*** Data to examine
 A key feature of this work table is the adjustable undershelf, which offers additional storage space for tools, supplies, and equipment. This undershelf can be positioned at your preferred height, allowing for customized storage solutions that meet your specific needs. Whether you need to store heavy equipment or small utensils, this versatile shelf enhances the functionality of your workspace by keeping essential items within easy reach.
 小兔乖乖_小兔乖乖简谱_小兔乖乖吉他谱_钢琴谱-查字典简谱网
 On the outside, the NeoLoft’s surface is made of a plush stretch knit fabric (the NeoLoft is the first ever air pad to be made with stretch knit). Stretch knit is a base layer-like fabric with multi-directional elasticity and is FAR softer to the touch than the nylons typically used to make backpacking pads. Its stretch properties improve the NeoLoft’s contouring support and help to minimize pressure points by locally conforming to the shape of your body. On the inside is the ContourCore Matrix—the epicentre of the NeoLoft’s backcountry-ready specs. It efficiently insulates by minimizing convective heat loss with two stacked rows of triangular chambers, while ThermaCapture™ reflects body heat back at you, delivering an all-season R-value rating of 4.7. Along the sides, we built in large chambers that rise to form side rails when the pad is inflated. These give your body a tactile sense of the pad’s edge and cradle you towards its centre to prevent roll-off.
******
*** Data to examine
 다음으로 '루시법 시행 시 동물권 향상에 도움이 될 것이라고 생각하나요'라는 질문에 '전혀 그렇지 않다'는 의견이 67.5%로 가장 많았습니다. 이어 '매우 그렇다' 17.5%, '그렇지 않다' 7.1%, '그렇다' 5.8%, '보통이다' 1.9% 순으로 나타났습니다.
******
Goal of the exercise → In the listing above, locate the line containing "A key feature" and the line containing "小兔乖乖_小兔乖乖简谱_小兔乖乖吉他谱_钢琴谱-查字典简谱网", then transcribe both and every line between them verbatim.

Exercise result →
 A key feature of this work table is the adjustable undershelf, which offers additional storage space for tools, supplies, and equipment. This undershelf can be positioned at your preferred height, allowing for customized storage solutions that meet your specific needs. Whether you need to store heavy equipment or small utensils, this versatile shelf enhances the functionality of your workspace by keeping essential items within easy reach.
 小兔乖乖_小兔乖乖简谱_小兔乖乖吉他谱_钢琴谱-查字典简谱网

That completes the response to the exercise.